By ceasing to question the sun
I have become light,

Bird and wind.

My leaves sing.

I am earth, earth

All these lighted things
Grow from my heart.

A tall, spare pine
Stands like the initial of my first
Name when I had one.

When I had a spirit,
When I was on fire
When this valley was
Made out of fresh air
You spoke my name
In naming Your silence:
O sweet, irrational worship!

I am earth, earth

My heart’s love
Bursts with hay and flowers.
I am a lake of blue air
In which my own appointed place
Field and valley
Stand reflected.

I am earth, earth

Out of my grass heart
Rises the bobwhite.

Out of my nameless weeds
His foolish worship. (p. 42)

During these days of isolation and COVID-19 we look for signs of hope and beauty. We look for signs of the Spirit’s presence.

Perhaps we can pause and consider the beauty of such Irrational Worship. Perhaps in that worship we can find hope. Will you join me, dear reader, in this endeavor? May we indeed find hope together.

2 Comments
  1. pynkoski2 permalink

    Hope, indeed. A favorite Merton poem.
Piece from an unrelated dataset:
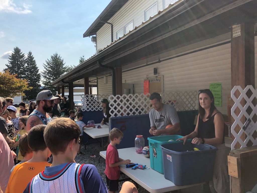 Danach sind wir wieder zurückgekommen und so langsam füllte sich der Platz. Spiele wurden aufgebaut und Grills und Essenstände ausgepackt. Wir schauen uns eine stille Auktion an, die hier ebenfalls abgehalten wird, bis alles aufgebaut ist.

Thank you.
    I guess one question, not to detract from the experience of the birds, is how do you address those who violate the social distance rules? Crossed my mind, as I just asked “is that six feet?” of two volunteers chopping potatoes shoulder to shoulder.

    • To be honest, living in Colorado where guns are prevalent and it is a conceal/carry state we just make sure we keep our own distance. Sad but a reality here. Even in the midst of such beauty.